The window closed, and at once the room felt still. The curtains came together, and by the candle-light Jane saw Eily in her blue dress. She had some things gathered up in her arm, a nightgown, a dressing-gown. She stood half way between the window and the bed, catching her breath, her eyes fixed on Jane’s face, her own as white as milk.
Jane said, “What is it?” again.
Eily came up close.
“Miss Heron-if you’d let me stop here-I’d sit in the chair and not make a sound.”
“What is it?”
Eily said in a shaken voice,
“There’s no key in my door.”
“Do you mean there isn’t one ever, or there isn’t one now?”
The shaken voice sank low.
“It’s gone. Aunt Annie told me to lock my door. She didn’t need to say so-I’ve always locked it-since that Luke’s been here. But tonight there’s no key-it’s gone.”
“You must tell your aunt.”
“I can’t-they’re in the one room together, she and Uncle. If you’ll let me stay-”
“Of course you can stay. Get your things off and get into bed! It’s big enough for half a dozen.”
Eily caught her breath.
“I didn’t mean that-or to trouble you-only to stay in the room. He said to ask you.”
Jane took her up quickly.
“He? Who?”
“It was John, Miss Heron-John Higgins.”
“When?”
“Miss Heron, you’ll not tell? There’s no harm, but you’ll not tell? There’s once in a while he’ll come out here and go by whistling to let me know he’s there. It’s a hymn tune he whistles-Greenland’s Icy Mountains-and I’ll look out of my window, and he’ll say, ‘Are you all right, Eily?’ and I’ll say, ‘Yes.’ But tonight-oh dear, he was in a way!”
“Why?”
Eily shrank.
“You know what happened up here tonight with that Luke. I went down and I told my Aunt Annie. Mrs. Bridling that comes in to help when we’re busy, she’d finished up and gone home, and I was putting away the silver. I didn’t know there was anyone there. But Mrs. Bridling came back. She’d left her scarf, and she came back for it, and she heard what I said when I thought it was just Aunt Annie and me, the two of us alone.”
“How do you know?”
Eily sat down on the edge of the bed. It was just as if she couldn’t hold herself up any more. There seemed to be the weight of the world on her. She went on telling Jane about Mrs. Bridling.

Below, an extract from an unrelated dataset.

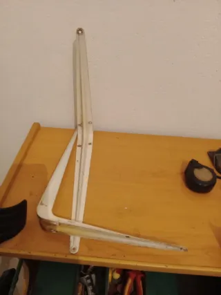 Conjunto de escuadras metálicas para estanterías. Son de color blanco y tienen un diseño clásico. - Material: Metal - Color: Blanco - Diseño: Escuadra - Cantidad: varias unidades. Precio 2 euros cada una Medidas. 30 por 25 ctm.

“She went right back to Cliff and saw to Mr. Bridling-he’s in his bed and can’t get out of it. Then she began to think about what she’d heard me tell Aunt Annie, and when she’d thought about it for a bit she went along next door and told John Higgins, and John came out here right away. I’ve never seen him in such a taking.”
“I don’t wonder. Eily, why don’t you marry him like he wants you to? He does, doesn’t he?”
Eily looked at her, a long mournful look.
“And have his blood on me the way Luke said?” She shook her head. “I’d rather jump off the cliff-I told him so tonight.”
“And what did he say to that?”
Eily’s voice went lower still.
“He said I’d lose my soul and go to hell, and he said he’d come after me-there or anywhere. And he said, ‘God forgive me, but it’s true.’ I’ve never seen him like it before. What’s the matter with men, Miss Heron, to get worked up about a girl the way they do? There’s Al, and Luke, and even John-what gets into them at all?”
Jane bit her lip. She wanted to laugh, and she wanted to cry. She remembered Jeremy kissing her that hard way.
Eily went on in her pretty grieving voice.
“He wanted me to come out by the side door. He said he’d take me out to Mrs. Bridling and we could be married in three days. And I said I couldn’t leave Aunt Annie. You’d never think he’d carry on the way he did. I just said no, and no, and no, and at the last of it he said would I give my solemn promise I’d go along to your room and ask you to let me stay, and he’d come out in the morning and talk to Uncle, so I said I would-” Her voice trailed away.